Across the three groups the coefficients are as follows:
 Black : -.0303 
 Hispanic: -.0215
 White: .0312

 The probability of citations are extremely close among the three groups being that the coefficients are close to one.On all three. They range from -.03 in the black group and .0312 in the white group. Probabilities do indicate that White has a very slight increased probability to get a citation. Hispanic and Black have a slightly lower chance of getting one.

### Part D

>Explain in a sentence or two why we should control for variables such as gender and location in the regression, and why the results might not be what we want if we don’t control for them. 

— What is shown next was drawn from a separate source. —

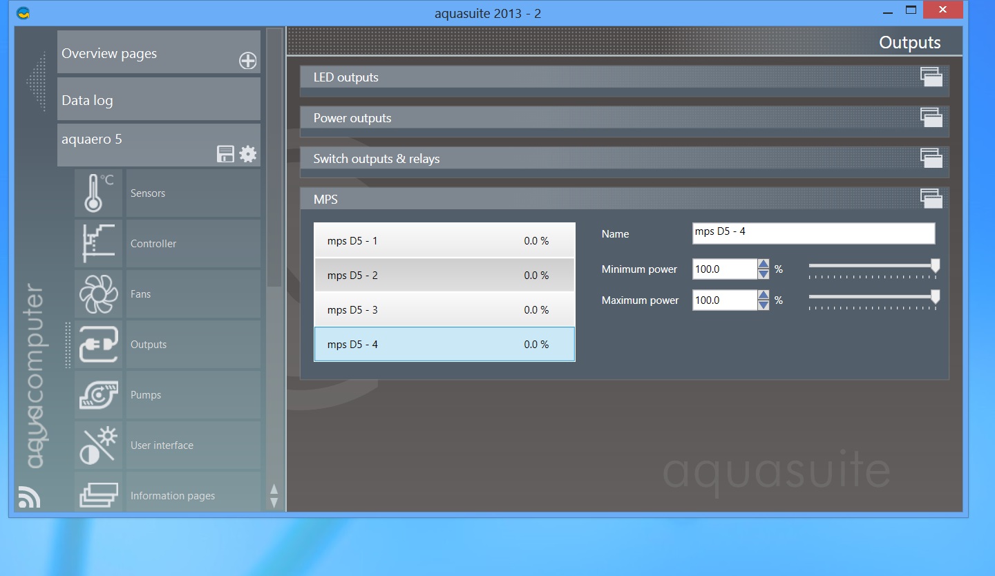 3) For the pump to show up in the Aquasuite through the Aquaero 5 (if you have it connected via the Aquabus) Tab it will be in the Aquaero 5 Menu Tab in the "OUTPUTS" menu.

The aim of controlling variables in logistical regression is to eliminate other influencing factors or alternative explanations. In this case we are specifically seeing the independent variables (race) effect on the targets after including controlled variables. Analysis and prediction becomes more complex if we have to account for gender and race for example Black Male versus White Female in an arrest.

### Part E

>However, decisions about what to control are somewhat subjective. What is one reason we might not want to control for location in testing for discrimination? In other words, how might we underestimate discrimination if we control for location? 

If we control for location we underestimate discrimination by possibly zoning in on an area with skewed distributions of race within a population of citizens and the cops as well. Crime operations can also be rooted in certain geographic location furthering discrimination in policing in this area. Officers may be accustomed to higher stake situations and be on increased alert no matter the race during a traffic stop. Discrimination can be underestimated on various scales when talking about global levels. Counries can widely differ in policing systems and protocols.